*DATA FOR THIS EXERCISE*.
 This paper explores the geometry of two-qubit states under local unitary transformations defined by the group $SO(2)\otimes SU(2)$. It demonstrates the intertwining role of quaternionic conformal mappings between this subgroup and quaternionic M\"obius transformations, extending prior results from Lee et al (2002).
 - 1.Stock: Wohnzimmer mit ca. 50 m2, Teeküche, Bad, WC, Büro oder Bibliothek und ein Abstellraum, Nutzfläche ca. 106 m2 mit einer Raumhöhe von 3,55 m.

...

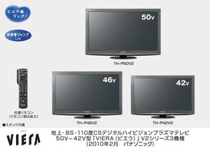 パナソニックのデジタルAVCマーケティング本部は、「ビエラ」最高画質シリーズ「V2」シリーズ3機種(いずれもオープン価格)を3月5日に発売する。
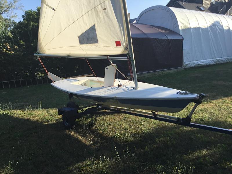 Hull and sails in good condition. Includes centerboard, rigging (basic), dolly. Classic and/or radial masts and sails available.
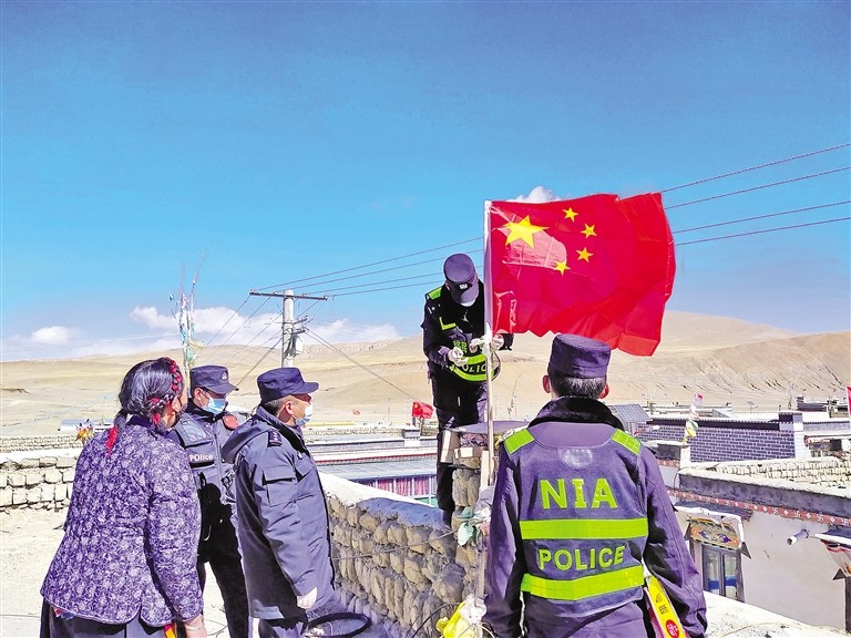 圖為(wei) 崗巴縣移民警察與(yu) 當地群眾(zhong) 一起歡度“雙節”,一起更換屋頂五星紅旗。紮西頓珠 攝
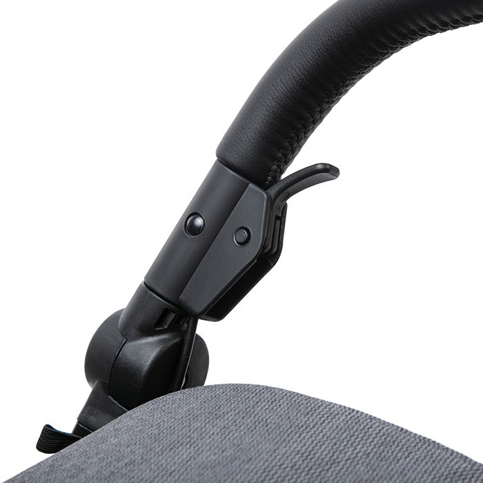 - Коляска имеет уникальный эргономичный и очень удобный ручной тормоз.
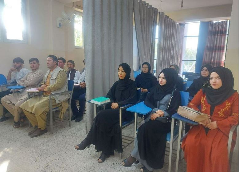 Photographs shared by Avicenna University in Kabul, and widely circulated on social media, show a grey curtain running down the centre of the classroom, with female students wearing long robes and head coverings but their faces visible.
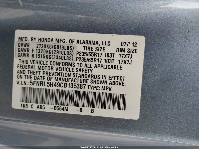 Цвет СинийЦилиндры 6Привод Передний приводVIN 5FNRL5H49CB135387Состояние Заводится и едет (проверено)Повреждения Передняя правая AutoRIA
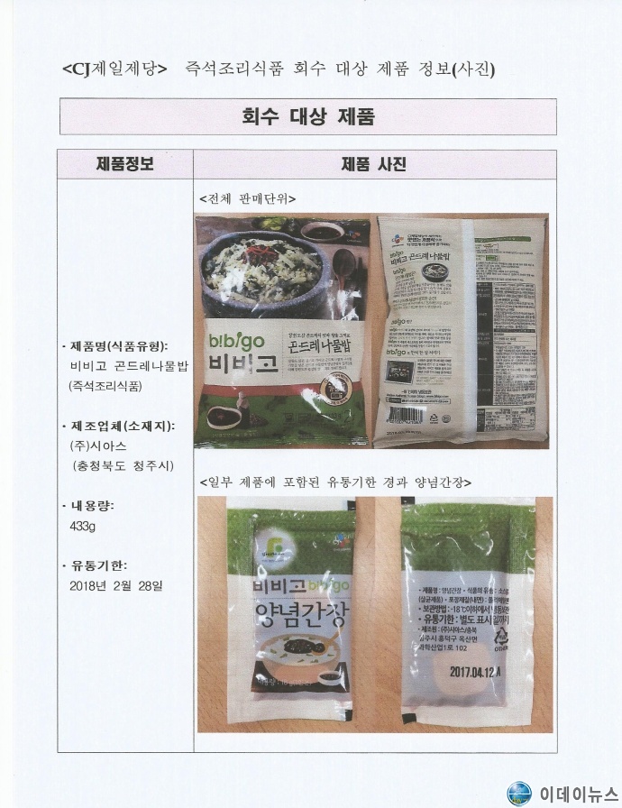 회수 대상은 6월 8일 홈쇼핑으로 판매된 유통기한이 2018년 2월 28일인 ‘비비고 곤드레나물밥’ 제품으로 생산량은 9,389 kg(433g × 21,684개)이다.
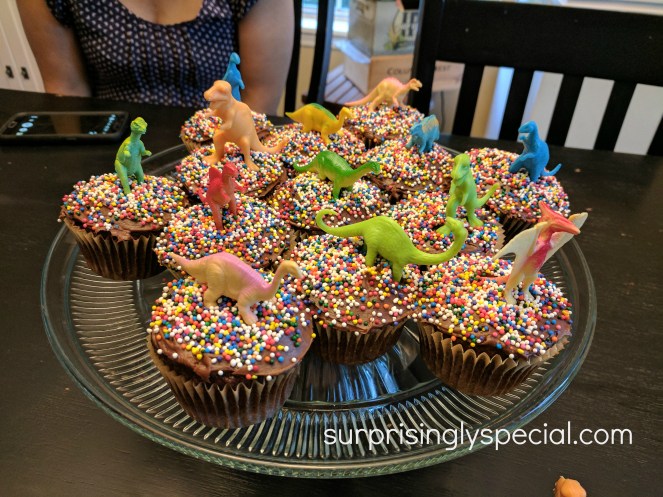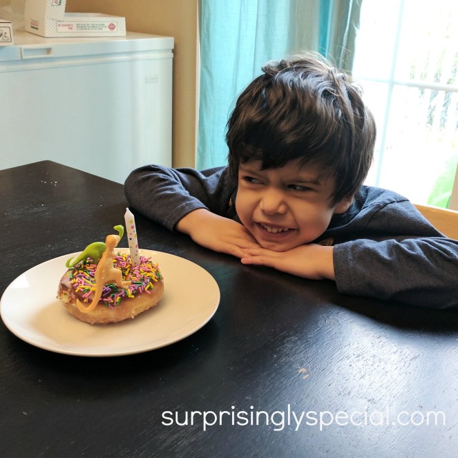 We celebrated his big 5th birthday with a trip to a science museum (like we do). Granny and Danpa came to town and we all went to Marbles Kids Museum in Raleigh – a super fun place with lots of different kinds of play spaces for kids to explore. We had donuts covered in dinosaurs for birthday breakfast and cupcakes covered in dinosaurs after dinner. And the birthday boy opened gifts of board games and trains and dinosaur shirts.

*WHAT THE TASK ASKS*.
Of all the entries above, retype exactly the lines from the line with "This paper explores" to the line with "- 1.Stock: Wohnzimmer", both included, and no others.

*RESPONSE TO THIS TASK*.
 This paper explores the geometry of two-qubit states under local unitary transformations defined by the group $SO(2)\otimes SU(2)$. It demonstrates the intertwining role of quaternionic conformal mappings between this subgroup and quaternionic M\"obius transformations, extending prior results from Lee et al (2002).
 - 1.Stock: Wohnzimmer mit ca. 50 m2, Teeküche, Bad, WC, Büro oder Bibliothek und ein Abstellraum, Nutzfläche ca. 106 m2 mit einer Raumhöhe von 3,55 m.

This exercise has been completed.